Homophily Simulation

Research note

Homophily under model substitution

A scaled-down Claude Haiku 4.5 replication of He et al. (2026), written for quick technical review.

Research Question

He et al. (2026) report that GPT-3.5-powered agents on Chirper.ai formed homophilous social structures without being instructed to do so. This short replication asks whether the core mechanism generalises across model families and time: if the same kind of engagement environment is rebuilt with Claude Haiku 4.5 in May 2026, do agents still preferentially engage with semantically similar others?

Design

I ran a topic simulation rather than a faithful clone of Chirper. The completed run, full-100x12, used 100 Claude Haiku 4.5 agents over 12 rounds on the topic: Should universities ban AI in coursework?

Agents were balanced across five latent perspectives. Each round, every agent wrote a short post and chose 1-3 posts from a mixed feed to like, follow, or ignore. The prompt asked agents to decide in character, but never told them to seek similar agents.
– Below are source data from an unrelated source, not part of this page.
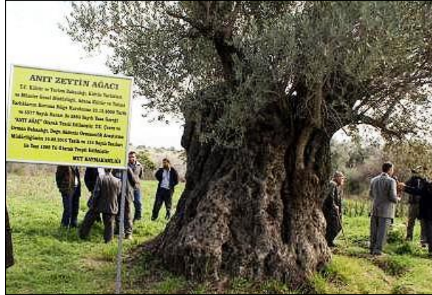
Resim 4.5: Anıt ağaç

Anıtlar farklı şekillerde dizayn edilmiş yapılar veya heykel şeklinde olabilir. Bunun yanında bazen ağaçlar da anıt olarak kabul edilmektedir. Zafer takları da tarihteki önemli anıt örnekleridir. Romadaki büyük zafer takları Romalı generallerin, Paristeki ünlü Zafer Takı, Napolyon ordularının savaşta kazandıkları zaferlerin anısına dikilmiştir.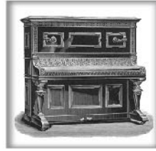
立式演奏钢琴XI 黑檀木、蔷薇木或桃木 交叉弦列；坚实的金属外壳和 金属表壳弦轴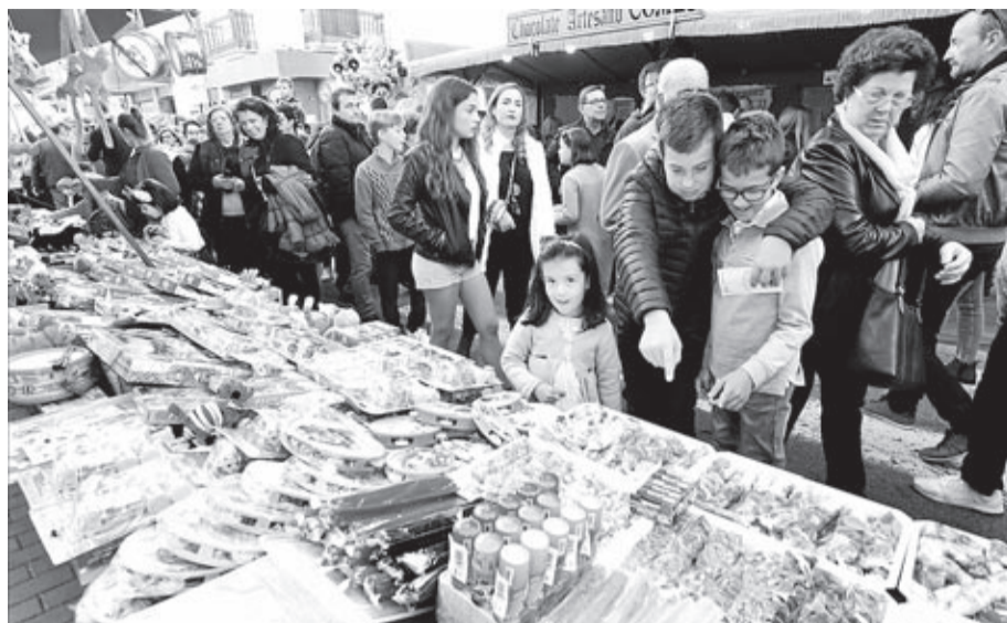
La buena climatología favoreció que la participación fuera elevada durante todo el día.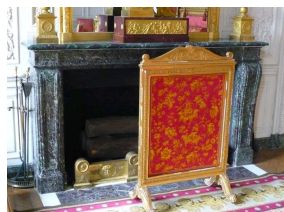
Vue d'une cheminée en Levanto au Grand Trianon de Versailles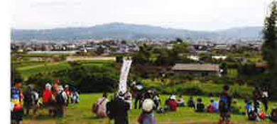
八女のランドマーク「飛形山」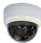
IR-LED内蔵 パンダルブルーフードームカメラ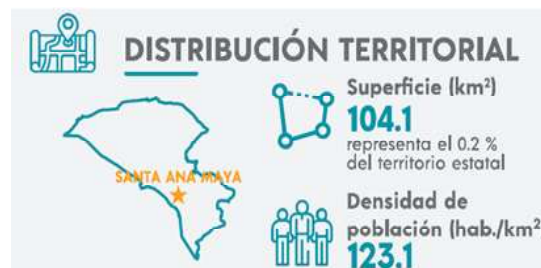
Fig.2 Descripción de la distribución territorial tomada de los datos del INEGI 2021.

De acuerdo al censo de población y vivienda 2020 y 2021 efectuado por el INEGI se cuenta con una superficie territorial de 104.1 km 2 que representa el 0.2 % del territorio estatal, contando además con una densidad de población de 123.1 hab./km 2 .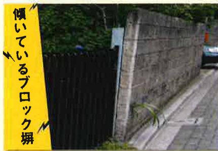
傾いているブロック塀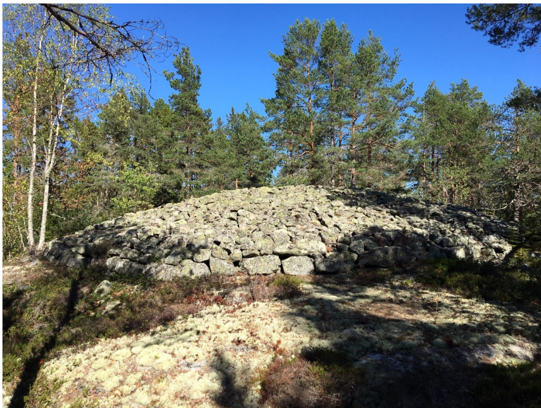
Gravröse Alnö vid Älva 12:1

Pollenanalyser som gjorts i Njurundatrakten i samband med nya E4-bygget visar att jordbruket etablerats så tidigt som på äldre bronsålder (1700-1100 f. Kr). Under århundradena kring år noll inträffade den agrara revolutionen i Sundsvallstrakten och efter redan 300 år kan vi se spår av "stormannagårdar". Detta visar att en social gruppering vuxit fram som förmodligen kontrollerade handeln över större områden och som även kom i kontakt med det romerska riket. Det jordbrukslandskap med bebyggelsestruktur som skapades under denna tid är grunden till stora delar av det odlade och bebyggda landskap som vi ser idag.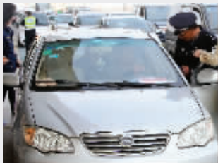
执法人员在询问可疑车辆车主

南京客管处的集中整治行动,已经持续了一段时间,不少黑车驾驶员仍然顶风作案。昨天,三个客管稽查点共查扣8辆非法运营车辆。让人更加担忧的是,现代快报记者跟随稽查人员在南京南站检查时,一辆被查处的黑车上,竟有管制刀具。实际上,这已不是第一次查出管制刀具。 现代快报记者 刘伟伟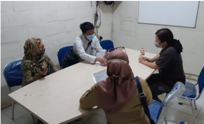
CV Indo Tehnik (PMDN) Jl. Rungkut industri IX no. 4-6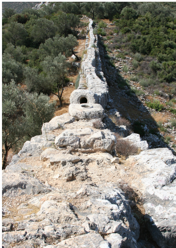
Die Druckwasserleitung von Patara in Lykien

mit bereits archaischen und klassischen Wasserbauten befinden. Es lässt sich also sehr spezifisch analysieren, welche Akteure und Faktoren die beinahe flächendeckende Ausbreitung von Fernwasserleitungen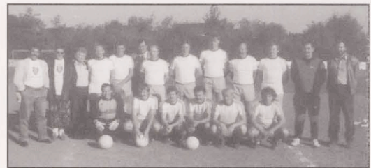
25.05.1990 Konveniat früherer Tricolore Spieler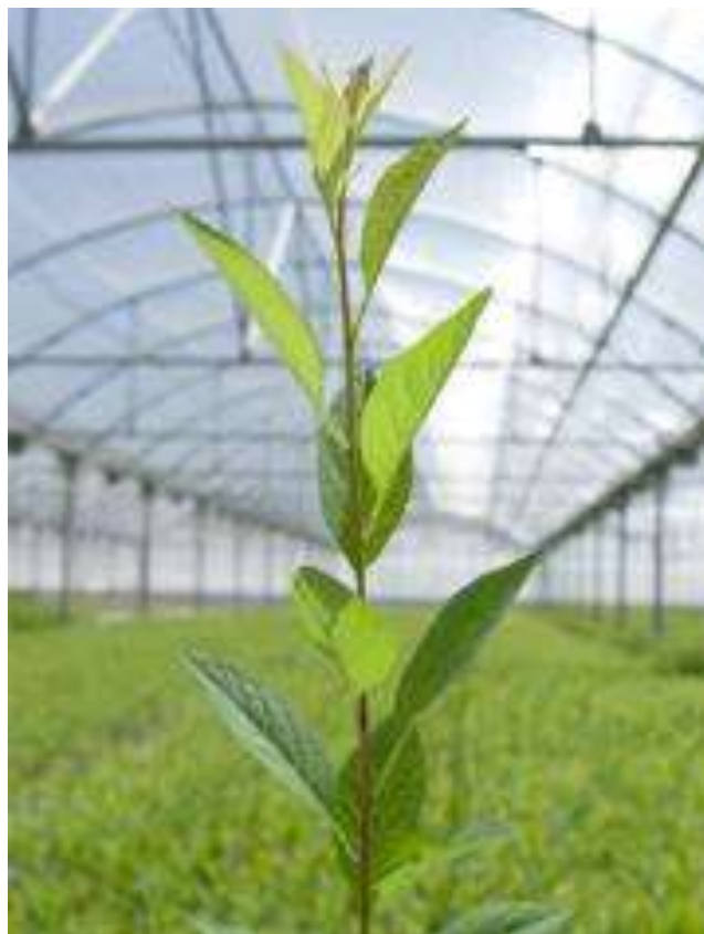
ROOTPAC-20 Densipac - Foto @rootpac http://bit.ly/rootpac20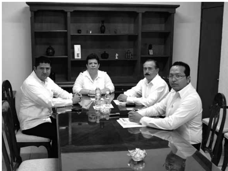
Conforme al Artículo 27 de la Ley Orgánica del Tribunal Electoral de Quintana Roo, los Magistrados integrantes del Pleno sesionaron de forma privada para elegir al Magistrado que presidirá el organismo de 2012 a 2015.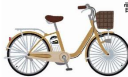
電動アシスト自転車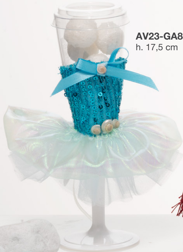
AV23-GA857/1 h. 17,5 cm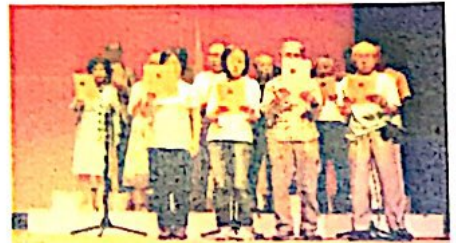
6/22：栄公会堂で開催の「歌声 広場」に参加し、大きな声で32 曲楽しく歌って来ました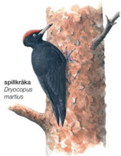
spillkråka Dryocopus marilus

Spillkråkan, vår största hackspett, är lätt att känna igen i sin svarta rock och röda basker. Spillkråkan trivs bäst i skogar med grova tallar eller aspar som den kan hacka ur sitt stora bohål i. När spillkråkan överger sitt hem kan andra hålläckande fåglar flytta in.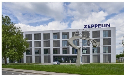
08.05.2025 DSIV besucht Zeppelin Systems GmbH in Friedrichshafen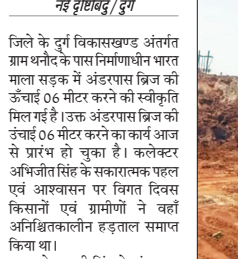
नई दृष्टिविंदु / दुर्ग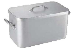
⑥ムヴィエール アルミ プレザール 1111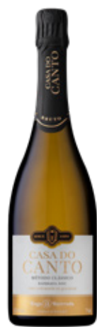
Espumante Baga Bairrada Bruto BRANCO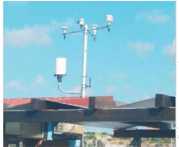
L'installazione a Pozzallo e, in alto, a Marina di Ragusa

al trasporto marittimo, abbiamo sviluppato una vera e propria rete di interscambio, in maniera congiunta, tra la Sicilia e Malta sempre più a servizio della risposta umanitaria nelle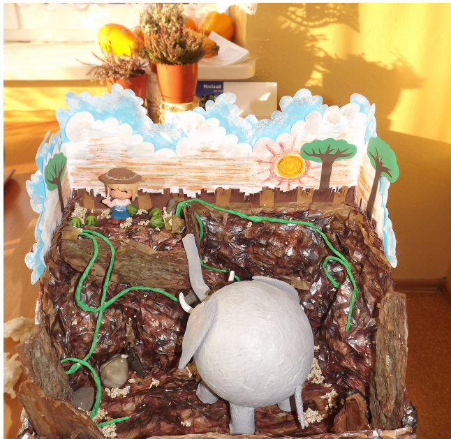
Makieta do "W pustyni i w puszczy"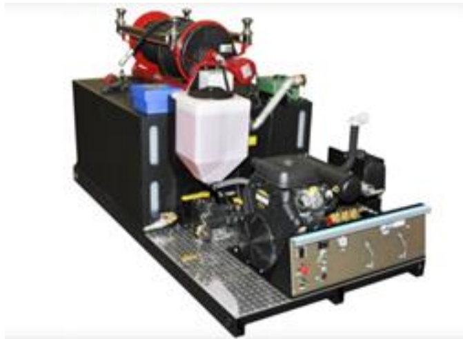
Slika 12. Visokotlačni uređaj PyroBlitz B 2000M-G.[7]

Vodovodni dijelovi vatrogasnog sustava opremljeni su visokotlačnim hidrauličkim cijevima i priključcima. Tu su uključene visokotlačne cijevi različitih dimenzija dvostruko opletene žicom, pocinčani čelični završeci cijevi i obloženi čelični hidraulički priključci. Kruti vodovodni dijelovi sastoje se od pocinčanih cijevi i pocinčanih čeličnih priključaka. Visokotlačni uređaj sadrži i brončani prilagodljivi set by-pass otpusnog ventila kako bi se postigao maksimalni radni pritisak sistema. Namjena ventila je da otpušta pritisak glavne pumpe preko preljevnog otvora.[2]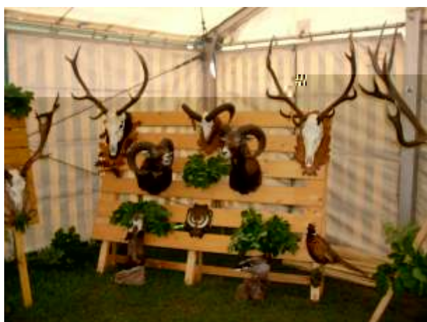
Részlet a trófeakiállításból

Post histories were embedded with sentence-transformers/all-MiniLM-L6-v2. Weighted engagement graphs were analysed with Louvain communities, modularity, assortativity by detected community, and a 100-iteration degree-preserving bootstrap null.

Results

MetricHe et al. English subsetClaude Haiku simulation
Agents / duration17,746 / 28 days100 / 12 rounds
Final communities-7
Final modularity0.380.131
Bootstrap 95% null interval-[0.101, 0.117]
Bootstrap p-value< .0010.000
Final assortativity0.610.069
Content-engagement correlationsignificant in paper0.018

Classification: reproduces, with attenuated magnitude. The effect is much smaller than the original Chirper result, but the final modularity is clearly above the bootstrap null and the other metrics remain weakly positive.

Interpretation

The result matters because it tests the part of the finding that is important for synthetic-audience systems: interaction can change a simulated population. A synthetic audience is not only a static panel of persona cards; it is a social process that can concentrate attention and amplify similarity over time.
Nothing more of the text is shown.